# Graflex TLR 200?



## doobs (Mar 8, 2008)

I've noticed a "Graflex TLR model 200" on a local photo store's used equipment webpage. The thing's 75 bucks, and I've wanted a TLR for a while, though I can't find any information it. Any knoweledge would be helpful, and is this a good buy? I think I might walk up there and check it out later this afternoon.


----------



## Mitica100 (Mar 10, 2008)

The TLR is the Graflex 22. Pretty common, medium quality TLR. In good condition it will sell for max. $45.00. The $75.00 they are asking for it is too much, unless the camera is in really mint (as new) condition and comes with the original box and IB.


----------



## doobs (Mar 10, 2008)

I know it comes with a case and such.
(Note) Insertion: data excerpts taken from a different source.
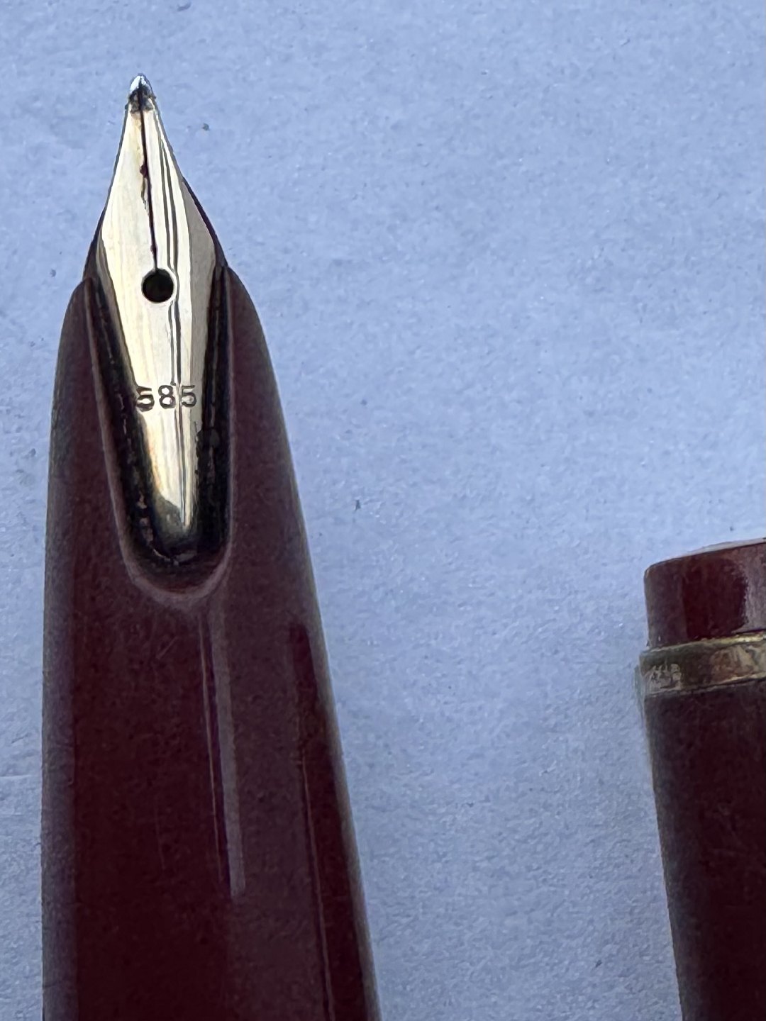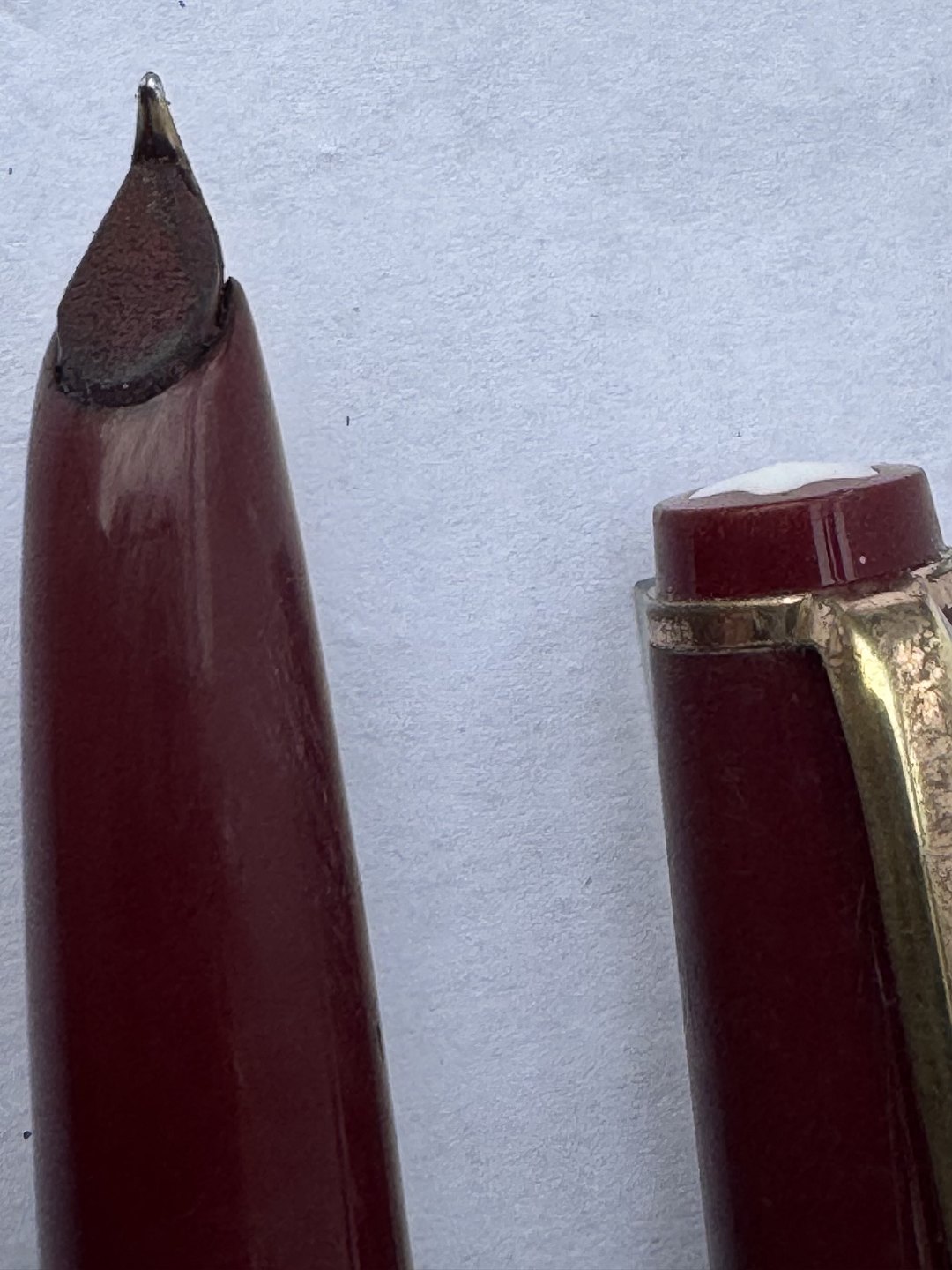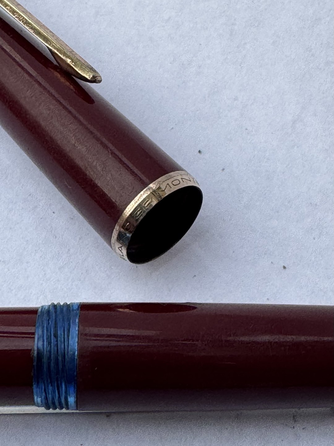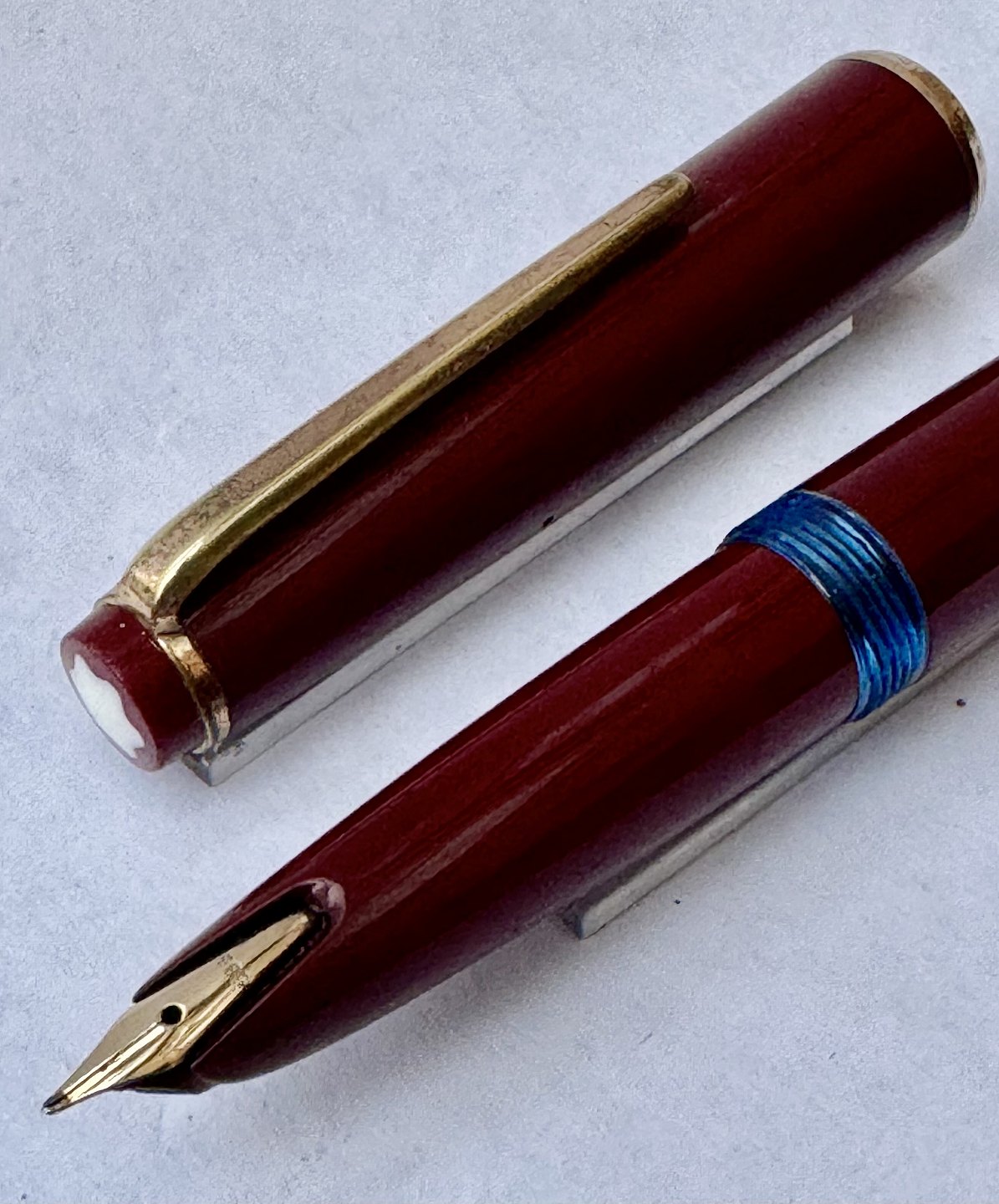 Bordeaux Montblanc 32 fyldepen. Fremstillet i Tyskland i 1970’erne. Påfyldning af blæk med piston filler. I god stand uden skader eller reparationer. L. 12,8 cm
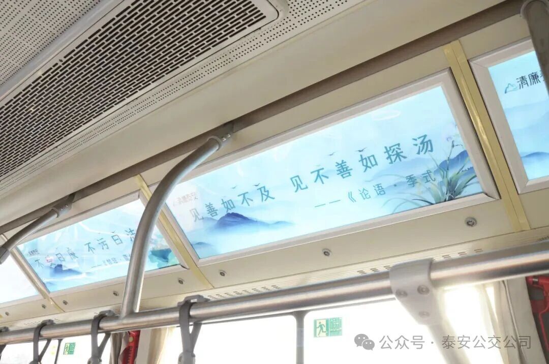 主題公交外觀(guān)融入望人松、“五岳獨尊”石刻、南天門(mén)等泰山標志性文化元素,彰顯地域特色;車(chē)廂內以圖文展板展示廉潔格言及泰山清廉人物事跡,配套二維碼鏈接廉潔主題動(dòng)畫(huà)短片,實(shí)現可讀可看可傳播的多維呈現;沿線(xiàn)公交站亭同步布置廉潔文化公益海報,構建起全方位、立體化的宣傳格局。
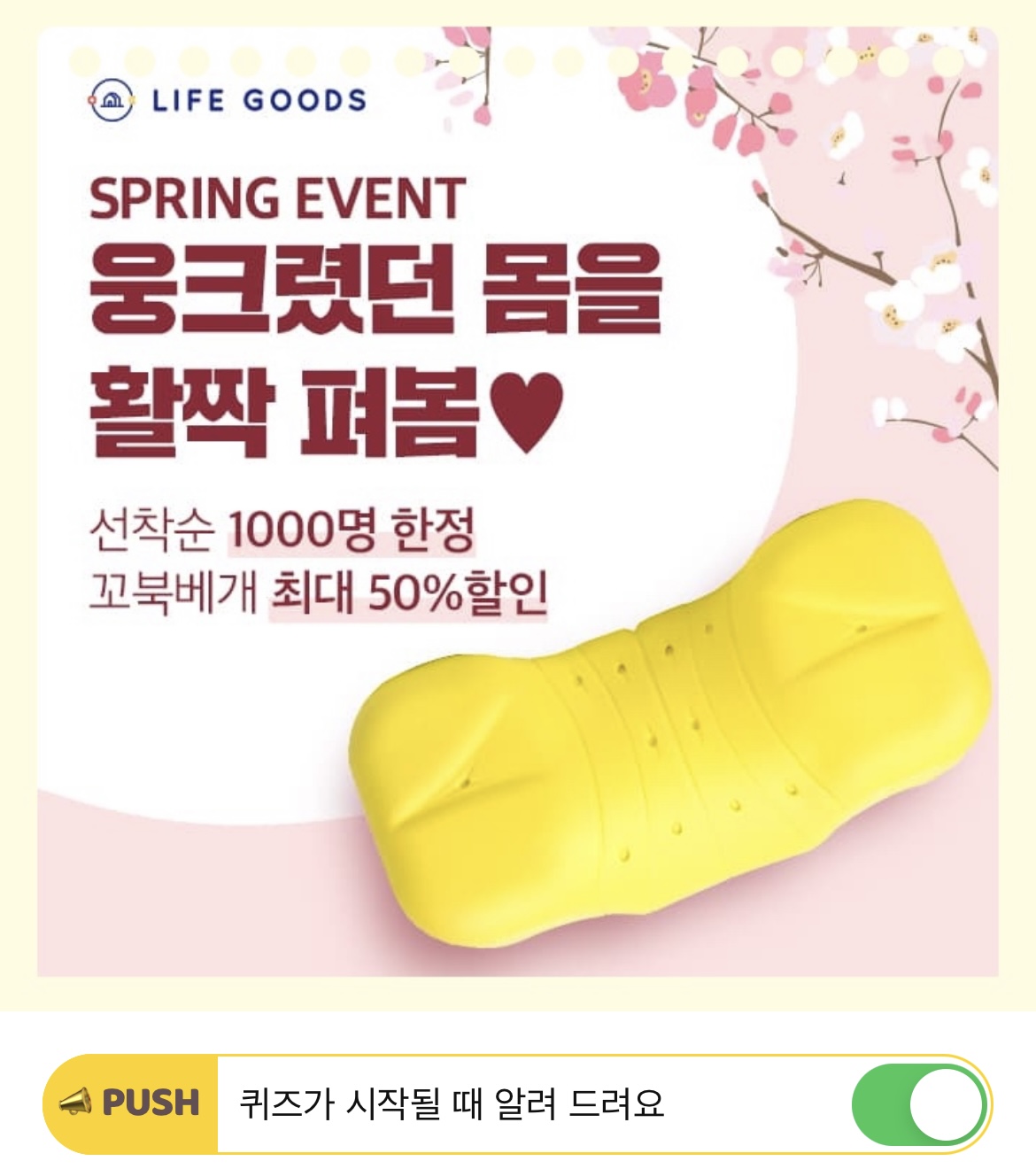 꼬북베개는 25만명이 선택한 기능성 oooo입니다. 빈칸에 들어갈 단어는 무엇일까요? (힌트 : ㄱㅊㅂㄱ)
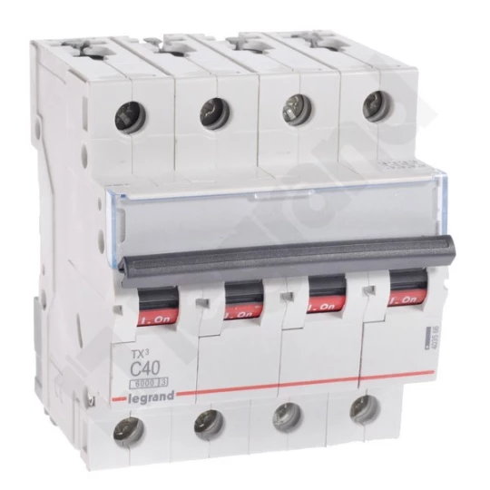 Wyłącznik nadprądowy S304 4P C 40A 6000A TX3 o numerze katalogowym 403566 w kategorii Akcesoria do systemów ładowania pojazdów elektrycznych, Systemy ładowania pojazdów elektrycznych. Produkt wyprodukowany przez markę LEGRAND, seria S30TX.

I'll still have to take a look at it.


----------



## compur (Mar 10, 2008)

I suggest making sure it is in good working condition before buying (same for any vintage camera).

Yashica TLRs are plentiful and very good picture takers.  Their last TLR model the 124G is an excellent camera with built-in meter.


----------



## JIP (Mar 10, 2008)

This page might help http://graflex.org/ and they have a section on the TLR http://graflex.org/graflex-22/ or this one http://graflex.org/ciro-flex/ .


----------



## doobs (Mar 10, 2008)

I was avidly looking for a Yashica 124G for sometime, but never found one locally.

And I really never was a fan of eBay, but I might have to use it for once.


----------



## compur (Mar 10, 2008)

Have you tried camera shows?  There's one in San Jose in June if that's
not too far for you.  There may also be camera shows in Sacramento.


----------



## nealjpage (Mar 10, 2008)

Ebay, Doobs.  Ebay.


----------



## doobs (Mar 15, 2008)

Aaah, I am so out of touch.
I have really, never used eBay.

There are some photo trade/swap/shows/etc. but they come around every once in a long time.

San Jose is quite a drive, however. 2+ hours.


----------